IEG 환경지질연구정보센터

Seismic wave propagation through surface basalts – implications for coal seismic surveys

Weijia Sun^1,2,4Binzhong Zhou¹Peter Hatherly³Li-Yun Fu²

1CSIRO Exploration and Mining, Kenmore PO Box 883, QLD 4069, Australia.

2Institute of Geology and Geophysics, Chinese Academy of Sciences, PO Box 9825, Beijing 100029, China.

3Coalbed Geoscience Pty Ltd, 10 Waiwera Street, McMahons Point, NSW 2060, Australia.

4Corresponding author. Email: [email protected]

Abstract. Seismic reflection surveying is one of the most widely used and effective techniques for coal seam structure delineation and risk mitigation for underground longwall mining. However, the ability of the method can be compromised by the presence of volcanic cover. This problem arises within parts of the Bowen and Sydney Basins of Australia and seismic surveying can be unsuccessful. As a consequence, such areas are less attractive for coal mining. Techniques to improve the success of seismic surveying over basaltflows are needed.

In this paper, we use elastic wave-equation-based forward modelling techniques to investigate the effects and characteristics of seismic wave propagation under different settings involving changes in basalt properties, its thickness, lateral extent, relative position to the shot position and various forms of inhomogeneity. The modelling results suggests that:

1) basalts with high impedance contrasts and multipleflows generate strong multiples and weak reflectors; 2) thin basalts have less effect than thick basalts; 3) partial basalt cover has less effect than full basalt cover; 4) low frequency seismic waves (especially at large offsets) have better penetration through the basalt than high frequency waves; and 5) the deeper the coal seams are below basalts of limited extent, the less influence the basalts will have on the wave propagation. In addition to providing insights into the issues that arise when seismic surveying under basalts, these observations suggest that careful management of seismic noise and the acquisition of long-offset seismic data with low-frequency geophones have the potential to improve the seismic results.

Key words: coal seam, finite difference, forward modelling, inhomogeneity, long-offset recording, low frequencies, sub-basalt imaging.

Introduction

Tertiary volcanic basalts (high velocity layers) exist in both the Bowen and Sydney Basins of Eastern Australia.
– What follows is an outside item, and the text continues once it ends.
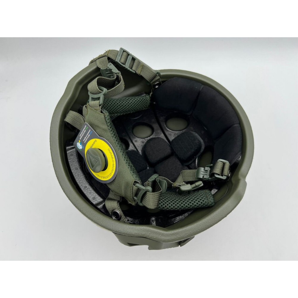 - Материал: Шлем изготовлен из композитного материала на основе арамидного волокна (кевлар), что обеспечивает высокую степень баллистической защиты.

The use of conventional seismic reflection surveys for coal mine planning is often compromised and produces sub-surface images of variable quality because the wave propagation through these heterogeneous basalt layers becomes complex. The difficulty of exploring beneath these basalts makes these areas less attractive for coal mine exploration. Problems with sub-basalt imaging are not unique to the coal mining industry. In the petroleum industry, the imaging difficulty in the areas of basalt cover around the world is well known (Papworth, 1985; Samson et al., 1995; Fruehn et al., 2001).

The subject of sub-basalt imaging is a very popular topic in the research and exploration communities. Two special issues on sub-basalt imaging have been published by Geophysical Prospecting (Williamson, 2003; Christie and White, 2008).
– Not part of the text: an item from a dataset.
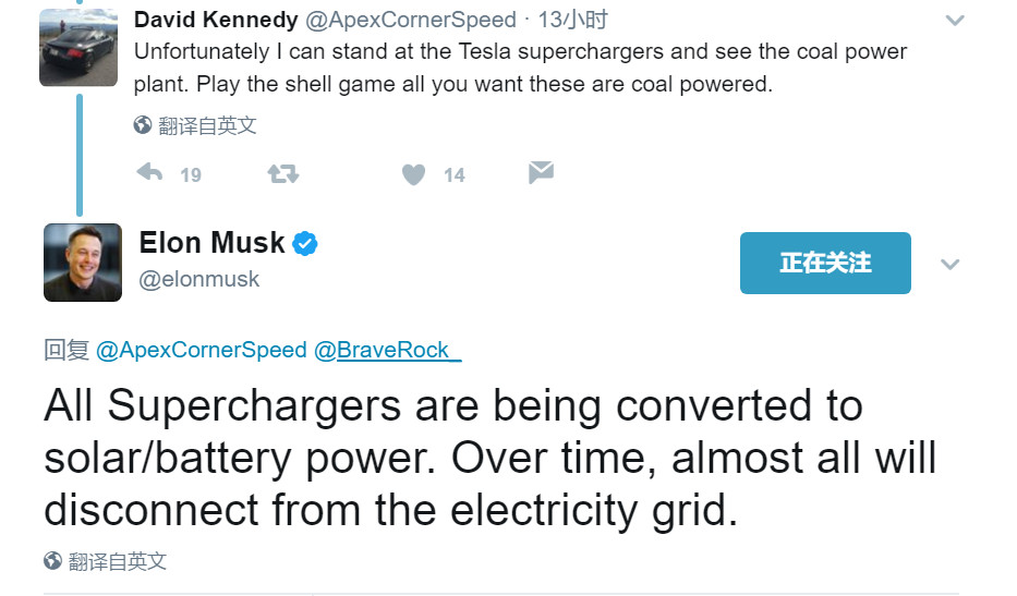 6月10日有位網(wǎng)友在Twitter上@特斯拉CEO Elon Musk:“呵呵,在特斯拉超級充電站身上我看到了火力發(fā)電廠的影子,所有你玩的這些概念游戲背后(動力來源)都是由煤炭燃燒驅(qū)動的!

These two issues resulted from a workshop entitled ‘Sub- basalt imaging: exploiting the whole wavefield’ held at Cambridge University in 2002 and a dedicated session to sub- basalt imaging at the 2005 EAGE annual conference in Madrid.
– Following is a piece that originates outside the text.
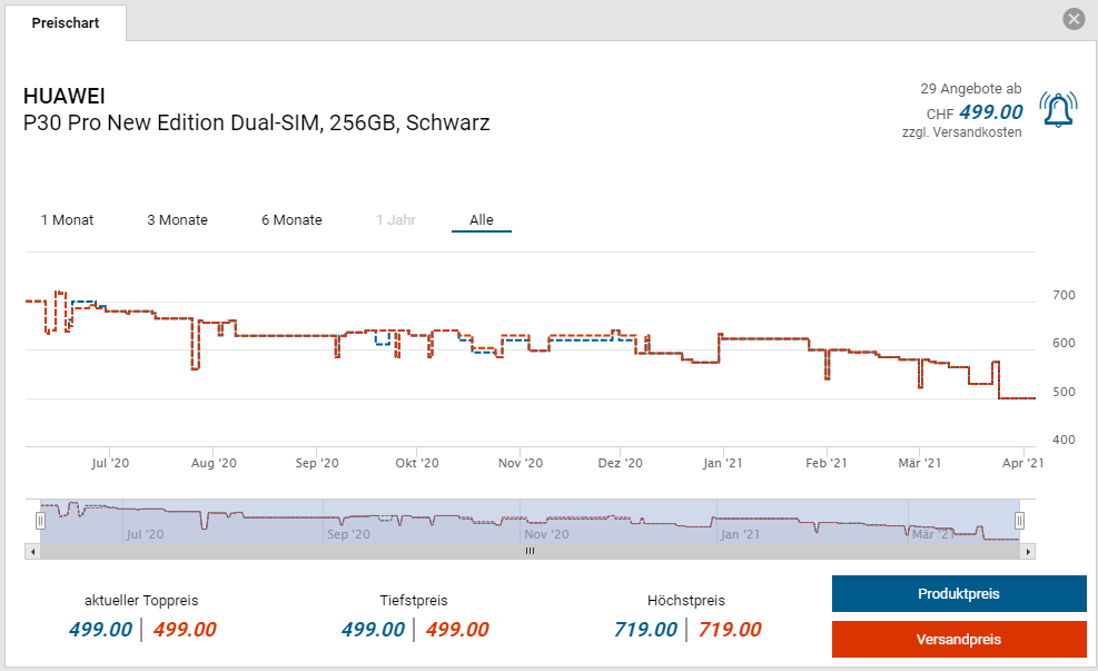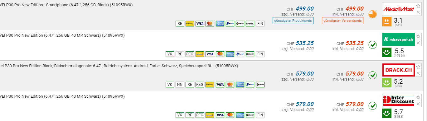Bei Media Markt ist das HUAWEI P30 Pro New Edition momentan im Oster-Sale für den neuen Bestpreis von CHF 499.-. Der vorherige Bestpreis war CHF 521.-. Der zweitbeste Preis beträgt CHF 535.25.

Workers involved in sub-basalt imaging in the petroleum sector, mainly give the following reasons for the difficulties in imaging beneath high-speed surface layers:

1. The strong impedance contrast between the basalts and the underlying sedimentary rocks prevents the penetration of

seismic energy into target zones (Fruehn et al., 1998;

Behera, 2006).

2. The roughness of the basalt boundaries causes significant disruption and scattering of the transmitted wavefield (Behera, 2006).

3. The scattering due to heterogeneity of the basalt (Ziolkowski et al., 2001; Hobbs, 2002).

To improve seismic imaging in these cases, modifications to data acquisition and data processing procedures which improve data quality and increase signal-to-noise ratio (S/N) have been proposed (Fliedner and White, 1999; Hu et al., 2003). Commonly used techniques involve long offset, low frequency and converted wave data acquisition (Ryu, 1997; Wombell et al., 1999;

Hanssen et al., 2003; Lau et al., 2007; Spitzer et al., 2008). In data processing, special procedures such as pre-stack depth migration (PSDM) have improved the quality of sub-basalt images (Fruehn et al., 1999; Reshef et al., 2003; Gallagher and Dromgoole, 2008). However, there is no single method or processing approach which is robust in all geological settings.

Successful imaging techniques have yet to be developed, despite the numerous efforts that have been made.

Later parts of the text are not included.